If you just want EPs, go for the Electro - they are still the best around and the Hammond emulation beats the VK-8 too IMO (I've used both in my blues band)jsepeta wrote:I'm currently playing in a blues band and am looking for a board to complement my Roland VK-8. Right now the 2 choices in the $1000 ballpark are the Korg M50 (new) and the Nord Electro (used). I don't like the Electro's pushbutton drawbars, but since I'm mainly wanting a board for electric pianos, who cares?
1) it sucks that the M50 has no aftertouch. My DS-8 had aftertouch back in 1987, and it had only 1% of the features and sound quality of the M50
2) it also stinks that the M50 uses a wall-wart. does Korg realize that GUITAR CENTER is often staffed by morons who LOSE the wall-wart? that's why my Karma has a Triton wall-wart. UGH. pony up the extra $30 and build keyboards with their power supplies INTERNAL, so we can use standard 3 prong power cords already.
3) is there any way to assign a button or keyswitch or knob to the FX? I'd like to turn fx off / on for patches like I used to with my DS-8. ALSO the guitar center sales guy had no idea how to change an electric piano sound on the M50 by adding Distortion to get a more angry, lo-fi sound. the Nord Electro rules at that, and if I could get the Korg to do something similar, I wouldn't even consider the Nord.
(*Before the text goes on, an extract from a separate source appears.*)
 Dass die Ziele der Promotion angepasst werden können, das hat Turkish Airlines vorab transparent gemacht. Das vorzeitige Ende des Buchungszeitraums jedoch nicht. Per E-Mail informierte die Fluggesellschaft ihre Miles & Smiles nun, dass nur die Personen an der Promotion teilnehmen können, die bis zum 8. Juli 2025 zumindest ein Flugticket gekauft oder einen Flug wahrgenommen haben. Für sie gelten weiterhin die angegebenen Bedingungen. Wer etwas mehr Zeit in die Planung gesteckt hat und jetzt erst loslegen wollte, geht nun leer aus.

Better still, save up and go for the Electro 3 as it also has the acoustic piano samples from the Nord Stage (it can take all the the samples from the Stage, in fact) and still has the great Electro waterfall keybed - the best compromise if you don't want weighted 88.
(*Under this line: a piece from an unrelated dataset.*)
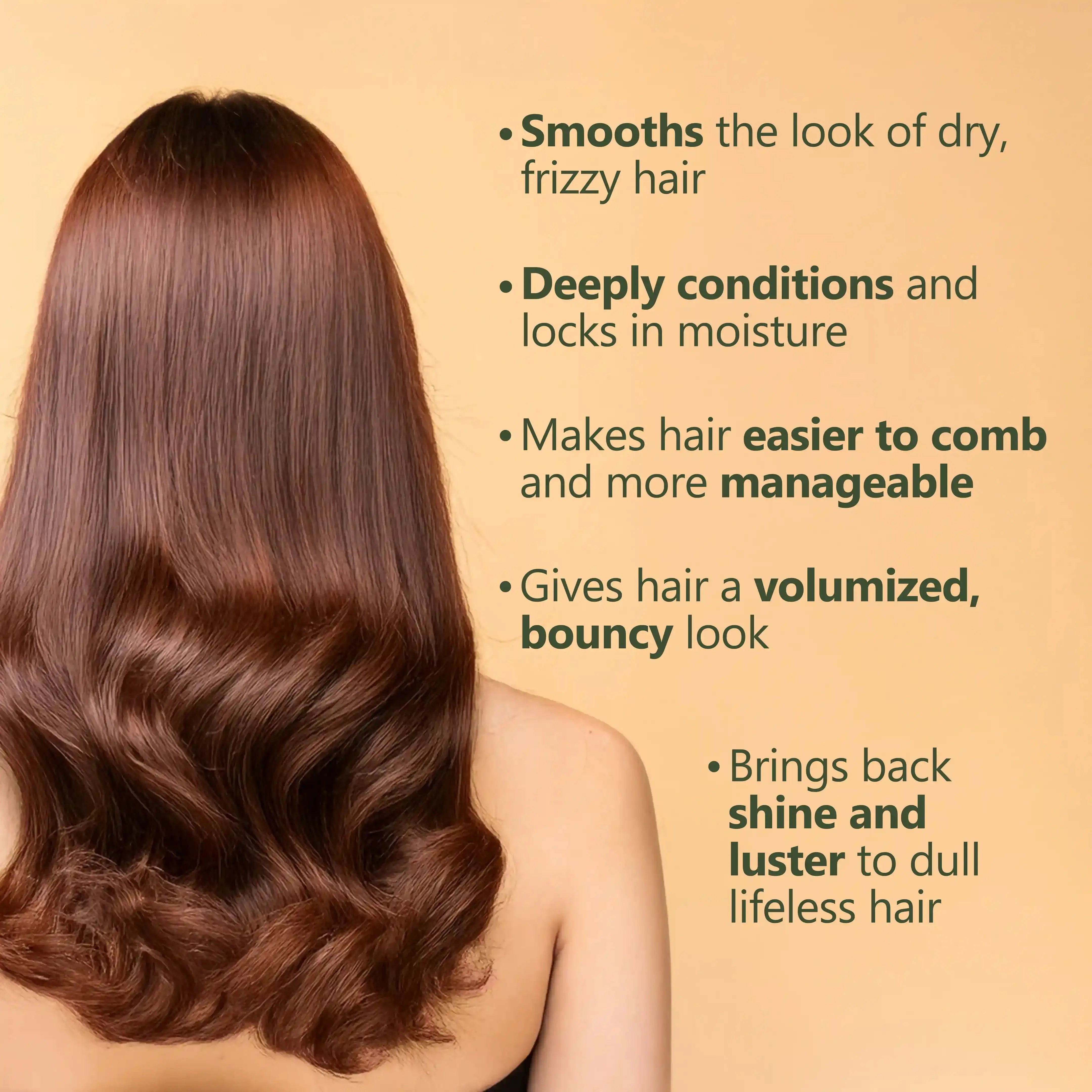 • Gives a well-deserved ‘bouncy’ makeover to those rough, dry hair, frizzy hair prone to breakage and thinning

The M50 is not really a comparison. It's a performance synth with a sequencer. All it's sounds are excellent but you can't compare it to a dedicated B3 and EP clone.
Korg have released a classic keys set for the M3/50 which has some excellent Rhodes and Wurlies, with all the effects you need, but they can't quite match the Electros ability to "cut through" the mix in live play - it's close though!
Hope this helps.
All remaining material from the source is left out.